Dennoch, versicherte er Rapp, würden sie und die Geiseln auf jeden Fall herausgeholt, denn die Piloten wüssten auch bei solchen Bedingungen, was sie zu tun hatten. Es könne nur sein, dass der Flug ein wenig unangenehm würde. All das trug in keiner Weise dazu bei, Rapps Sorgen zu zerstreuen. Große Worte und Draufgängertum waren eine Sache, die Wirklichkeit aber eine völlig andere. Waren die Forester unterstellten Hubschrauberpiloten wirklich imstande, sie unter diesen Umständen heil herauszuholen? Nach den Worten des Kommandanten waren sie das, aber bestand nicht auch die Möglichkeit eines Absturzes? Unbedingt. Hubschrauberflüge im Dunkeln waren sogar bei günstiger Witterung heikel, wenn aber noch stürmischer Wind, Regen und hügeliges Gelände hinzukamen, waren alle Zutaten für eine Katastrophe beisammen.

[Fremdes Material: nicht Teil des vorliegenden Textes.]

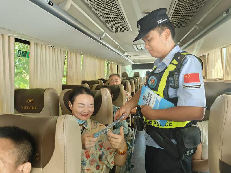 活动设立普法宣传点,重点解读《中华人民共和国出境入境管理法》《中华人民共和国反电信网络诈骗法》等与边民群众生活密切相关的法律法规。民警结合近期破获典型案例,深入剖析非法出入境、电信诈骗等违法犯罪行为的法律后果及社会危害,并向群众发放图文并茂的宣传手册500余份。针对近期出入境高峰的节点性风险,民警揭露“高薪出境务工”“跨境婚姻介绍”等诈骗套路,提醒群众务必通过正规渠道办理出入境手续。

Gegen Foresters Behauptung von der Fähigkeit seiner Piloten setzte der CIA-Spezialist für Terrorbekämpfung ihm bekannte statistische Angaben: In den vergangenen zwanzig Jahren waren mehr Angehörige von Spezialeinheiten der Vereinigten Staaten bei Hubschrauberunfällen umgekommen als bei allen anderen Pannen und Unglücksfällen zusammen.
Rapp, Coleman und Jackson hatten unter einem dicht belaubten mächtigen Baum Zuflucht gesucht, der ihnen einen gewissen Schutz gewährte. Rapp legte die Hand auf sein Lippenmikrofon und sah zu Coleman hinüber.
»Was die Sache mit dem Hubschrauber angeht, hab ich kein gutes Gefühl«, raunte er. Der Ausdruck auf Colemans Gesicht zeigte ihm, dass dieser seine Sorge teilte.
»Ich bin auch nicht scharf darauf. Aber welche andere Möglichkeit haben wir? Willst du abwarten, bis das Unwetter vorbei ist, und das Lager erst kurz vor Morgengrauen stürmen?«
Auch diese Vorstellung sagte Rapp nicht sonderlich zu. »Nein, gewartet wird nicht. Jetzt ist der richtige Augenblick.«
»Wir haben eine ganze Menge Sprengstoff mitgebracht«, sagte Jackson. »Wir könnten versuchen, die Landefläche noch mehr zu vergrößern.«
»Das könnte sinnvoll sein«, räumte Rapp ein. »Aber mir behagt der Gedanke nicht, bei dem Wetter mit einem Hubschrauber rausgeholt zu werden.«
»Und wenn wir zurück ans Meer gehen?«, schlug Coleman vor.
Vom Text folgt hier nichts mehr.